In a recent study published in the NPJ Digital Medicine Journal, researchers explored the use of image-based phenotyping based on dual-energy X-ray absorptiometry (DXA) scans of knees to train a deep-learning model to diagnose knee osteoarthritis cases.
Study: Deep learning-based phenotyping of medical images improves power for gene discovery of complex disease. Image Credit: Miha Creative/Shutterstock.com
Background
The diagnosis of complex diseases using biobank data consisting of International Statistical Classification of Diseases 10th revision (ICD-10) codes and self-reported symptoms and diagnoses, though invaluable in indicating the genetic basis of diseases, are also subject to various biases.
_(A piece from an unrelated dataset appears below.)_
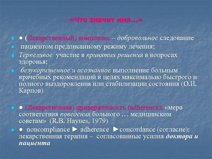 «Что значит имя…» n n n ● (Лекарственный) комплаенс – добровольное следование пациентом предписанному режиму лечения; Терпеливое участие в принятии решения в вопросах здоровья; безукоризненное и осознанное выполнение больным врачебных рекомендаций в целях максимально быстрого и полного выздоровления или стабилизации состояния (О. И. Карпов) ● (Лекарственная) приверженность (adherence): «мера соответствия поведения больного … медицинским советам» (R. B. Haynes, 1979) ● noncompliance ► adherence ►concordance (согласие): лекарственная терапия – согласованные усилия доктора и пациента

The differential diagnoses can vary based on specialist or non-specialist clinicians, and electronic health records can also differ according to assessments of disease severity and how the patients are billed. Using medical images to perform clinical-grade assessments can provide a standardized and consistent protocol for the diagnosis of various complex diseases.
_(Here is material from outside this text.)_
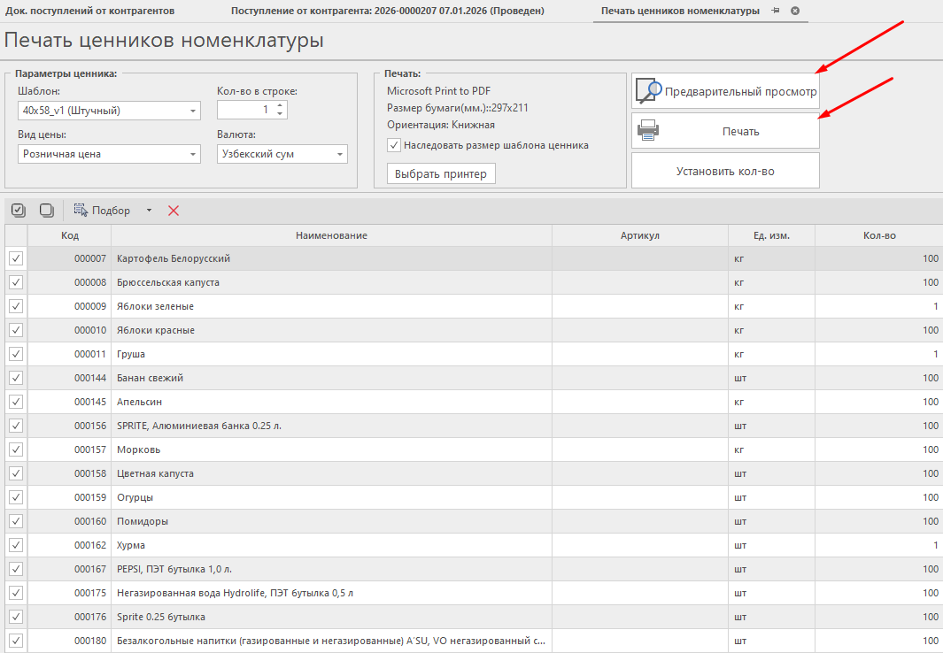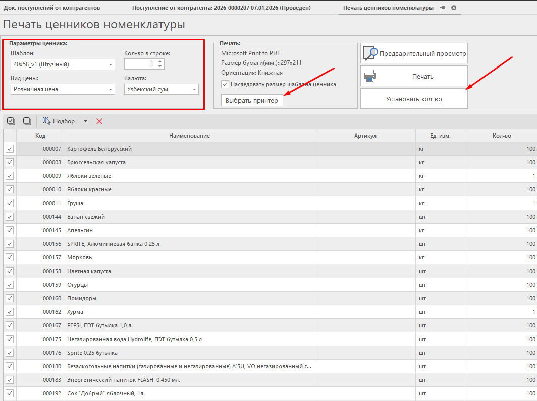 Система автоматически откроет окно печати ценников по номенклатуре из документа

Given the large volumes of clinical image data present in population biobanks, an automated phenotyping approach can potentially be used to ascertain disease status and severity. Chest X-ray images have been previously used to accurately diagnose severe acute respiratory syndrome coronavirus 2 (SARS-CoV-2) infections and pneumonia.
Furthermore, various genetic studies have also used deep-learning methods to associate significant genome-wide loci with image-derived phenotypes of heart structure, brain morphology, distribution of body fat, and liver fat percentage.
About the study
In the present study, the researchers used DXA images to train a binary classification model to perform at a clinical level to identify knee osteoarthritis cases and used the biobank images to compare the results of the deep learning model with the diagnoses based on ICD-10 codes.
Additionally, they obtained measurements for the minimum joint space width, which directly correlates with the severity of knee osteoarthritis, by training the image segmentation algorithm and used those measurements to compare quantitative and case-controlled approaches in genome-wide association studies.
The researchers also generated a polygenic risk score specific for each phenotype to determine whether, in a dataset of 300,000 cases, improvements in predicted ICD-10 records of knee osteoarthritis were associated with a higher statistical power in finding novel loci.
The United Kingdom Biobank comprising genome sequence data from over 40,000 individuals, was analyzed along with DXA images to determine the genetic factors underlying knee phenotypes.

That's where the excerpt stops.